Book Review: “Fund: Ray Dalio, Bridgewater Associates and The Unraveling of a Wall Street Legend”

In short, “The Fund” is an absolute rip-off of both, the legendary Macro Hedge Fund Bridgewater and its no less famous founder, Ray Dalio. There’s an old saying that you don’t want to know how the sausage is made, and in this case, that’s more than true for what happened behind the scenes at Bridgewater.

I have to admit that I never cared much for Bridgewater

and that I always found Dalio very strange when he spoke, but that he was such a psychopath as described in the book is quite a surprise.

Interestingly, it took Dalio a long time to get things going early in his career. His initial fame came from being one of the usual Perma Bears and predicting permanent doom in his newsletters until finally in a bad year he could say he predicted it. He also seemed to have married very rich and somehow got his fund going.
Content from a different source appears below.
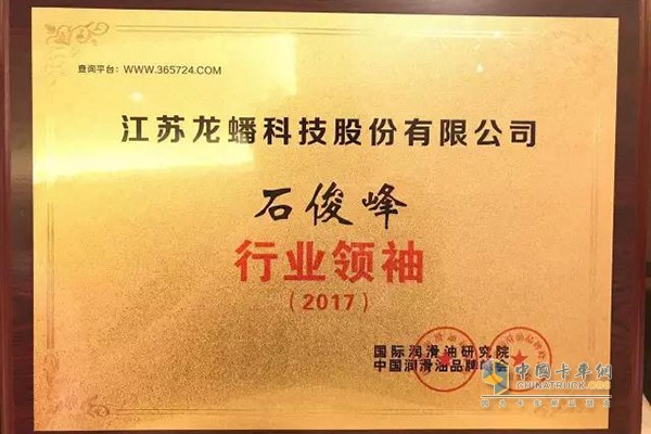 2017年7月17-18日,由南京潤道主辦的“2017中國潤滑油品牌峰會”在江蘇無錫隆重召開,300多家潤滑油企業,400余位精英齊聚一堂,暢談市場、探討未來。在18日晚舉行的頒獎環節中,龍蟠潤滑油榮獲組委會頒發的“十大民族品牌”稱號,龍蟠科技董事長石俊峰榮獲“2017行業領袖”稱號。

At first he also seemed to have some really good years that earned him a reputation and a fortune, but over time I turned into a horrible psychopath who terrorized everyone with his “principles”. His fixation on these “principles”, which he tried (unsuccessfully) to codify into some kind of AI/Expert system, also led to some pretty poor investment performance. Their flagship fund has underperformed a simple 60/40 stock/bond portfolio over the past 10-12 years. Interestingly, Dalio as a perma bear also did not see and react to the Covid crash.

Although not many details were given, Bridgewater seemed to use a realistically simple Quant model based on Momentum early on, which gave them a bit of an advantage early on, but they never seemed to develop it further.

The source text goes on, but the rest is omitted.